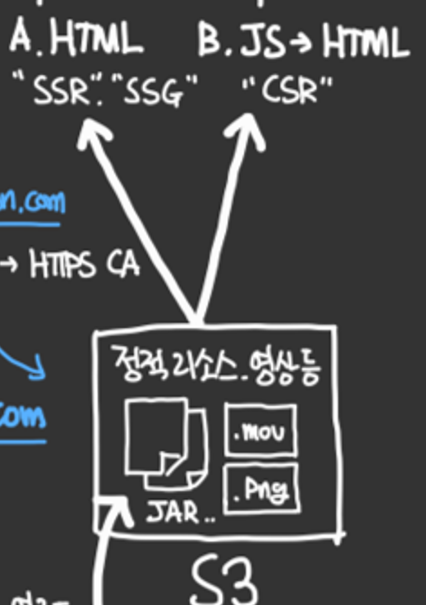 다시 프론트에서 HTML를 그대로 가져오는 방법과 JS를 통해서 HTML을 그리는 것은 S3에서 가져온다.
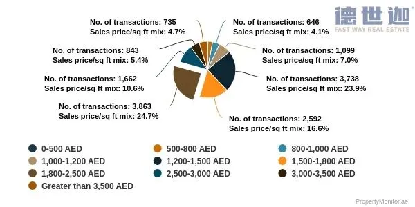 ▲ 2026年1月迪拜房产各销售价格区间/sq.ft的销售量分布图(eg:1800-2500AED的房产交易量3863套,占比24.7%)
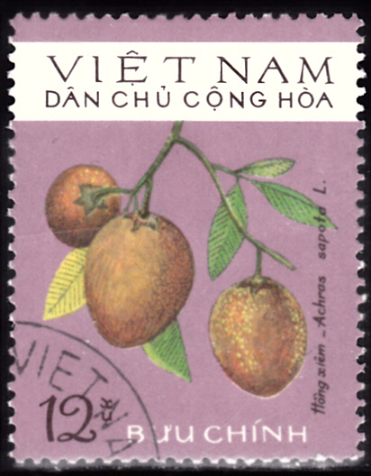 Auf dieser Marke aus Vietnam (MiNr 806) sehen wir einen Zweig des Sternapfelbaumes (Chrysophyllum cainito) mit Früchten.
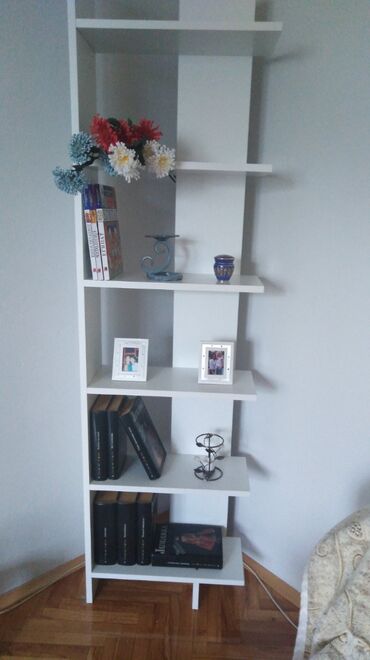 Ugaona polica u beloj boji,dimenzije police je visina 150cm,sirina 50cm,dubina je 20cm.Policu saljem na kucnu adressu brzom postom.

**What the task requires**: Excluding all images, transcribe the material word for word.

**Written answer**:
 다시 프론트에서 HTML를 그대로 가져오는 방법과 JS를 통해서 HTML을 그리는 것은 S3에서 가져온다.
 ▲ 2026年1月迪拜房产各销售价格区间/sq.ft的销售量分布图(eg:1800-2500AED的房产交易量3863套,占比24.7%)
 Auf dieser Marke aus Vietnam (MiNr 806) sehen wir einen Zweig des Sternapfelbaumes (Chrysophyllum cainito) mit Früchten.
 Ugaona polica u beloj boji,dimenzije police je visina 150cm,sirina 50cm,dubina je 20cm.Policu saljem na kucnu adressu brzom postom.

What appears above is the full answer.